# Art Sketches



## LeahMS (Jan 6, 2017)

Hello All!
I am trying to copy this artist's type of sketches. --> https://www.pinterest.com/leah9815/jon-mcnaughton-sketches/

Do you know how you would learn to sketch like this? My best guess is that by sketching people so many times, you would be able to make the sketch look natural, but yet slightly messy, like it was just thrown onto the paper. Not the standard every-line-is-perfect type of sketching (which I love as well) is kind of what I'm looking for. Does anyone have any advice, tips or sources for where I might be able to learn to sketch like this? 

Thanks!


----------



## Schizo (Sep 18, 2016)

Probably not what you want to hear, but your best bet is to just practice sketching like that.

If you want the drawings to look more loose, maybe try to draw a little faster, and holding the pencil at a tighter angle (~30-35°). That's what I'd do, if I were to try drawing like that. Drawing at that angle will make the lines look thicker, and more messy.

Also, his drawings look like they're really small. They probably only take up 1/4 of the page, so drawing things smaller could help. It would be really difficult to make a drawing look like that with it taking up the whole page.
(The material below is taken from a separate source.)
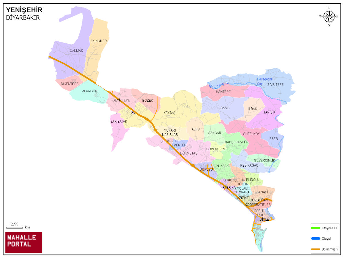 YENİŞEHİR, DİYARBAKIR Dijital Haritası | Güncel Mahalle ve İlçe Haritası

Another thing I notice in his drawings is that he seems to not use a super wide range of values. It looks like he sections off different areas to have certain values (kind of like those coloring books that assign colors to letters). So before you start to draw, on a different piece of paper, you could experiment with that. I'd say probably 2 darks, 1 medium, and 2 lights at most.

Good luck!


----------



## LeahMS (Jan 6, 2017)

Awesome! Thank you SO MUCH! That helped a lot.


----------